Geld wird ohne Banken getauscht, Unternehmen verlaufen reibungslos ohne ManagerInnen, Länder ohne politische Parteien ... Hört sich alles fantasievoll an, das gibt Shermin Voshgmir auch in ihrem Talk “Blockchain, Smart Contracts & The Future of Democracy” zu. Je mehr die Kapazitäten von Blockchain-Technologien erforscht und entwickelt werden, desto schneller könnten diese Fantasien zu Realität werden. So etwa sind Geldwechselgeschäfte mit Bitcoin und Krypto-Währungen bekanntermaßen bereits ganz ohne Banken machbar. Ein zentraler Aspekt von Blockchain ist die Dezentralisierung: Zwei Personen können eine Transaktion durchführen, ohne auf eine dritte Person mit einem zentralen Depot – etwa eine Bank mit Datenservern – angewiesen zu sein. Traditionelle Vertrauensmodelle, die seit Jahrhunderten Inter- und Transaktionen untermauern, werden neu gestaltet. Anstatt darauf zu vertrauen, dass zentrale Institutionen die Vereinbarungen zwischen zwei Seiten durchsetzen, können NutzerInnen direkt auf das Blockchain-Protokoll setzen und dem dezentralisiertem Netzwerk vertrauen. Da sich Blockchain stets weiterentwickelt, kann es stets an individuelle Nutzungen angepasst werden. Das bringt eine zentrale Frage mit sich: Wie wollen wir den Blockchain-Algorithmus definieren, der vielleicht in Zukunft an unsere Gesellschaft gebunden sein wird?
Die Diskussion um Blockchain und der Einfluss dieser Technologie auf die Demokratie und demokratische Partizipation wurde von Blockchain-ExpertInnen Shermin Voshgmir und Vinay Gupta und den zwei ModeratorInnen Boris Moshkovits und Andrea Bauer im Panell “Blockchain and the future of governance.
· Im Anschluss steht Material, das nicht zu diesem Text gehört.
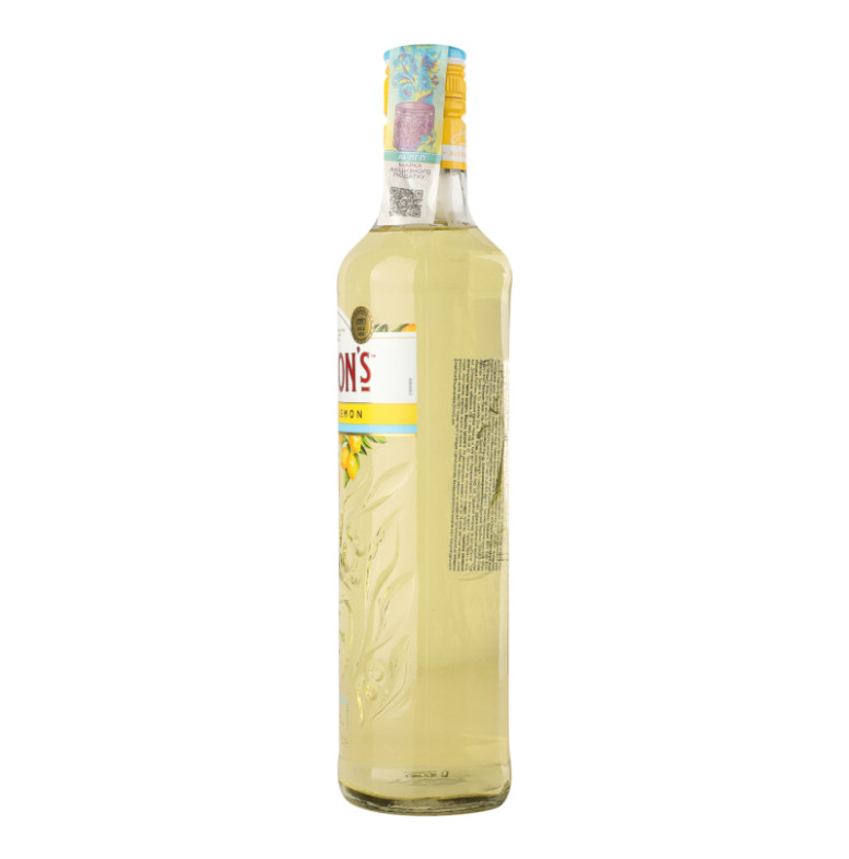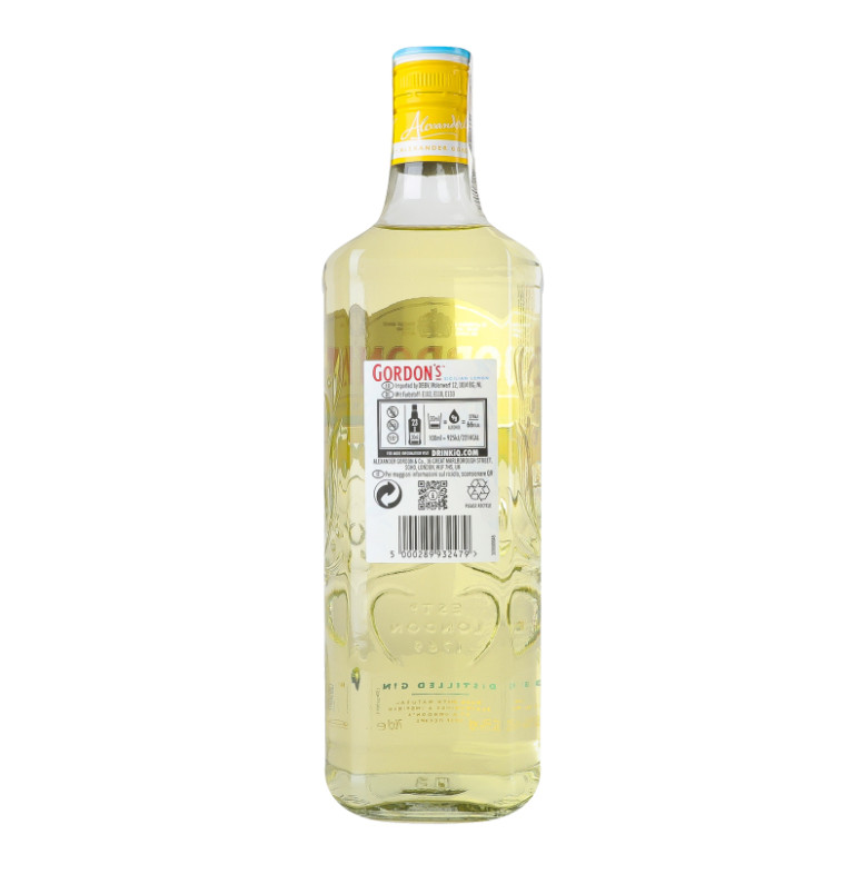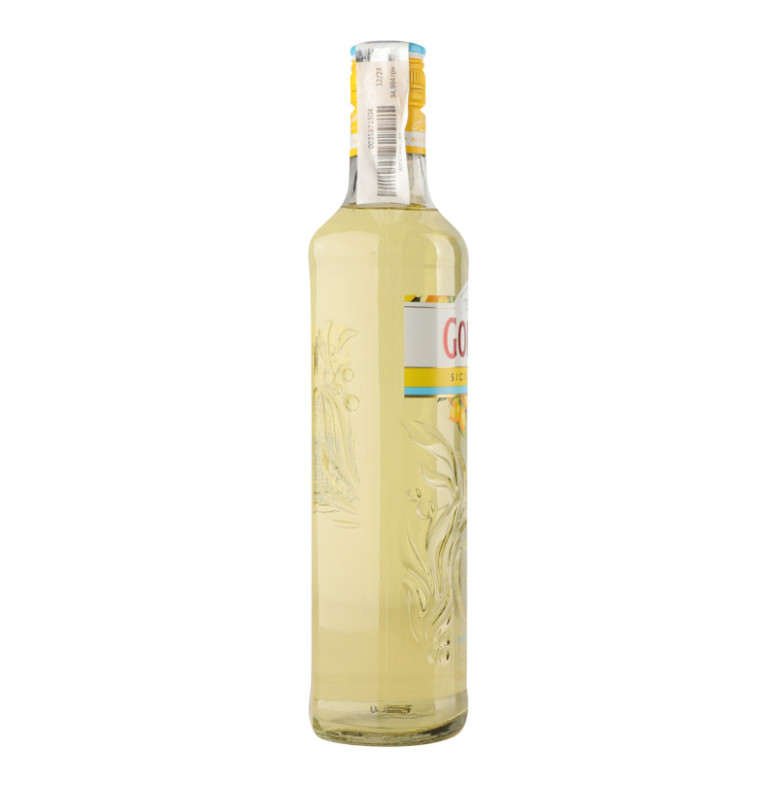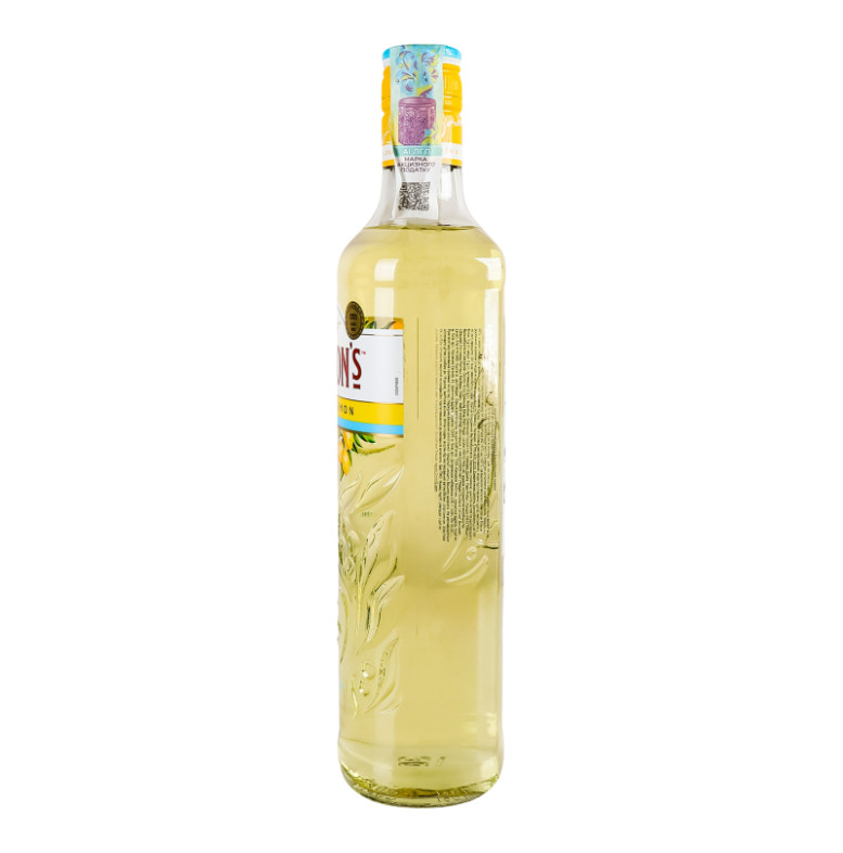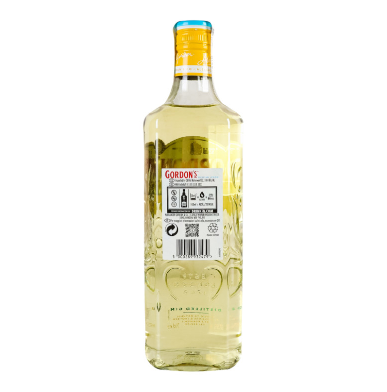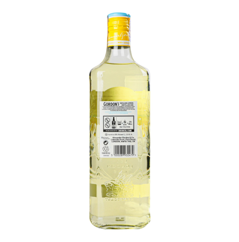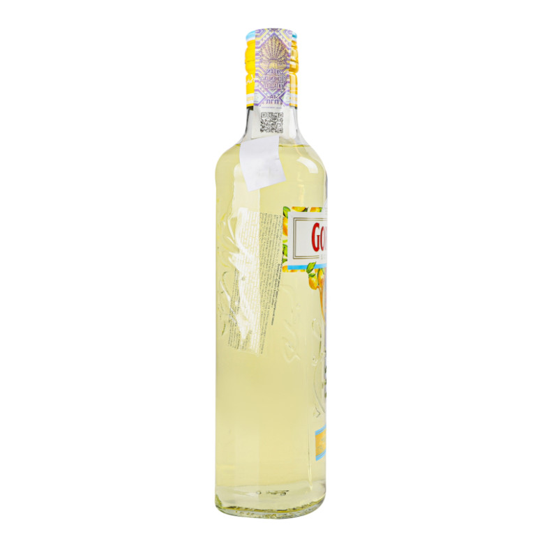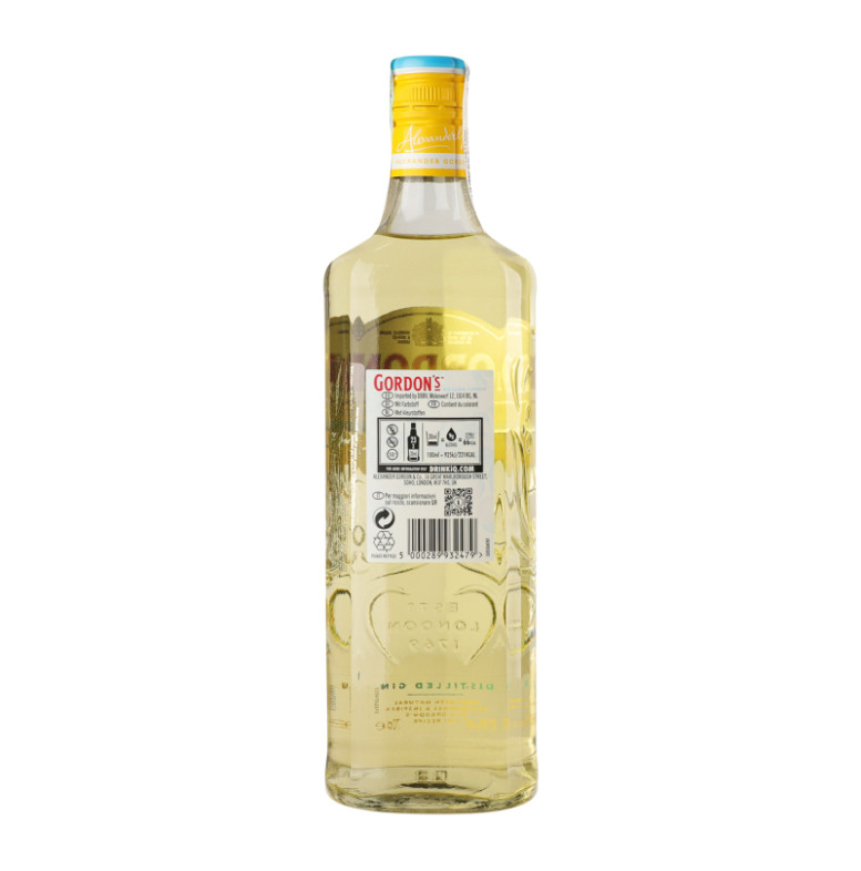 Склад: Спирт етиловий ректифікований, вода підготовлена, цукор, екстракти з рослинної сировини (плодів ялівцю та сицилійського лимону), барвники: Е102, E110, Е133

Let’s overcome the hype and understand what can be done” weitergeführt. Anstatt sich mit der grundlegenden Blockchain-Technologie zu befassen, drehte sich die Debatte um die Implementierung von Blockchain in die Gesellschaft. Blockchain könnte etwa ein System für eine globale Regierung schaffen. Man kann sich eine Zukunft vorstellen, in der jeder Mensch mit seiner individuellen und geprüften Blockchain-Identität für oder gegen etwas stimmen könnte. Dieses System könnte Druck auf nationale Regierungen ausüben, um deren Herangehensweisen an den globalen Konsens anzugliedern. Diese Nutzung von Blockchain sei natürlich noch völlig neu und stelle unbekanntes Terrain da. Selbst die möglichen Gefahren von der Übergabe von Wahl- und Finanzprozessen an “Smart Contract”-Technologien und -Algorithmen seien noch undurchschaubar. Das Fazit: Letzten Endes ist Blockchain noch eine sehr junge Technologie, die sich sicherlich über die nächsten Jahre noch verändern wird und sich der Nutzung von UserInnen anpasst.